Pour la ram est-ce un bon choix ???
Entre le Macbook pro et le Macbook de la même année quel est le mieux 

je te mets les caractéristique que j'ai jugé utile pour l'upgrade 


















---------- Nouveau message ajouté à 22h34 ---------- Le message précédent a été envoyé à 22h22 ----------

vous allez me trouver amateur mais c'est quoi le dual channel ??? merci


----------



## Letabilis (3 Octobre 2011)

Il existe aussi la solution de l'optibay => si tu ne te sers pas de ton lecteur cd, tu peux y mettre un support pour disque dur et ainsi avoir un ssd pour l'OS et les applis (64/80 Go) et un disque dur pour tes données.

Sinon, encore une fois il ne faut pas se focaliser sur le fait que le débit sera légèrement bridé.
Avec un disque dur ausi le débit sera bridé dans certains cas, et le gros intérêt du SSD réside aussi et surtout dans le temps d'accès qui est énormément diminué (et ce facteur est nullement bridé par le SATA I). C'est un peu comme si tu devais choisir entre une clio sport et une Ferrari dont tu ne pourra pas passer la sixième. C'est vrai que la Ferrari sera bridé à 250 km/h mais il n'y aura quand même aucune comparaison avec la clio, bon je caricature mais c'est l'idée.

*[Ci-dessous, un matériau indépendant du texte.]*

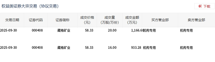 | 权益类证券大宗交易(协议交易) | | | | | | | 包 下载 | | --- | --- | --- | --- | --- | --- | --- | --- | | 交易日期 | 证券代码 | 证券简称 | 成交价格 (元) | 成交量 (万股/万份) | 成交金额 (万元) | 买方营业部 | 卖方营业部 | | 2025-09-30 | 000408 | 藏格矿业 | 58.33 | 20.00 | 1,166.6 机构专用 | | 机构专用 | | 2025-09-30 | 000408 | 藏格矿业 | 58.33 | 16.00 | 933.28 机构专用 | | 机构专用 | 9月30日,藏格矿业大宗交易成交36万股,成交额2099.88万元,占当日总成交额的2.43%,成交价58.33 元,较市场收盘价58.33元持平。 ...
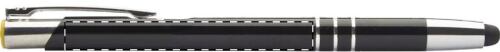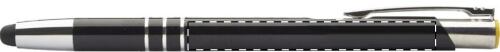 Penna a sfera in alluminio con gommino capacitivo per touch screen e rivestimento speciale che permette la personalizzazione ad incisione, evidenziando il fondo in colore coordinato al tappino. Fornita con refill blu.

Pour les 2 HD, je ne sais pas, le mieux est de faire des recherches sur le net, ça fait un moment que je ne me focalise plus que sur l'actu SSD.

Oui plus la vitesse de rotation est élevée plus les taux de transfert le seront CQFD ^^

Pour la ram, oui c'est la bonne, mais le mieux reste d'en prendre 2, cf le dual channel
Je te laisse faire des recherches pour en savoir plus, mais en très gros, si tu met 2 fois exactement la même barette de ram, ca permet de booster les pref.

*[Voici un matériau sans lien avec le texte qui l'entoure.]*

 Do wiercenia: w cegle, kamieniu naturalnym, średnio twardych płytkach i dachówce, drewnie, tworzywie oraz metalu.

Et pour la comparaison macbook/macbook pro ya aucune caractéristique dans ton post


----------



## sarky9 (4 Octobre 2011)

les photos n'ont pas fonctionné je vient de voir cela ^^ 
pour le disque dur je vient d'en trouver un qui dispose de 500 Go  de 16  Mo de cache une vitesse de 7200 trs et avec un transfert de 6 Gbit/s et  si j'ai bien comprit le SATA 1 a un taux de transfert de 6 Gbit/s  également.
En comparaison avec un disque SSD qui a le même taux de transfert pour 60 Go donc théoriquement cela revient au même ???
mais apparemment non (du moins pour toi ^^)
Pour vraiment profiter de mon Macbook pro il faudrait que je prenne un  SSD de 80 Go avec en complément un disque dur externe portable ???

voici ma compraison:
http://www.macway.com/fr/product/22...20012-sata-iii-35-7200t-16mo-st3500dm002.html

http://www.macway.com/fr/product/22845/patriot-disque-ssd-pyro-240-go-25-sata-iii-pp240gs25ssdr.html

du coup j'hesite vraiment entre un SSD et un HDD et je ne peut pas  remplacer mon lecteur CD/DVD je men sert trop souvent :s mais si cela va  vraiment le booster comme un neuf actuel alor je dit oui ^^ .

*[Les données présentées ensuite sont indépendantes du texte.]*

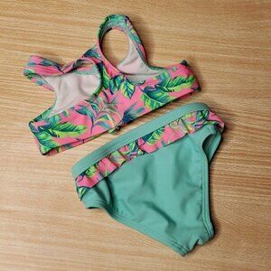Wonder Nation Toddler Girl's Green Pink Tropical Bikini 18 Months

Effectivement j'avais oublié l'histoire du dual channel ^^ je vais prendre deux pareil a ce moment la 


---------- Nouveau message ajouté à 00h12 ---------- Le message précédent a été envoyé Hier à 23h38 ----------

sinon en Disque SSD celui ci conviendrais pour la suite adobe cs5, Word, et le systeme ???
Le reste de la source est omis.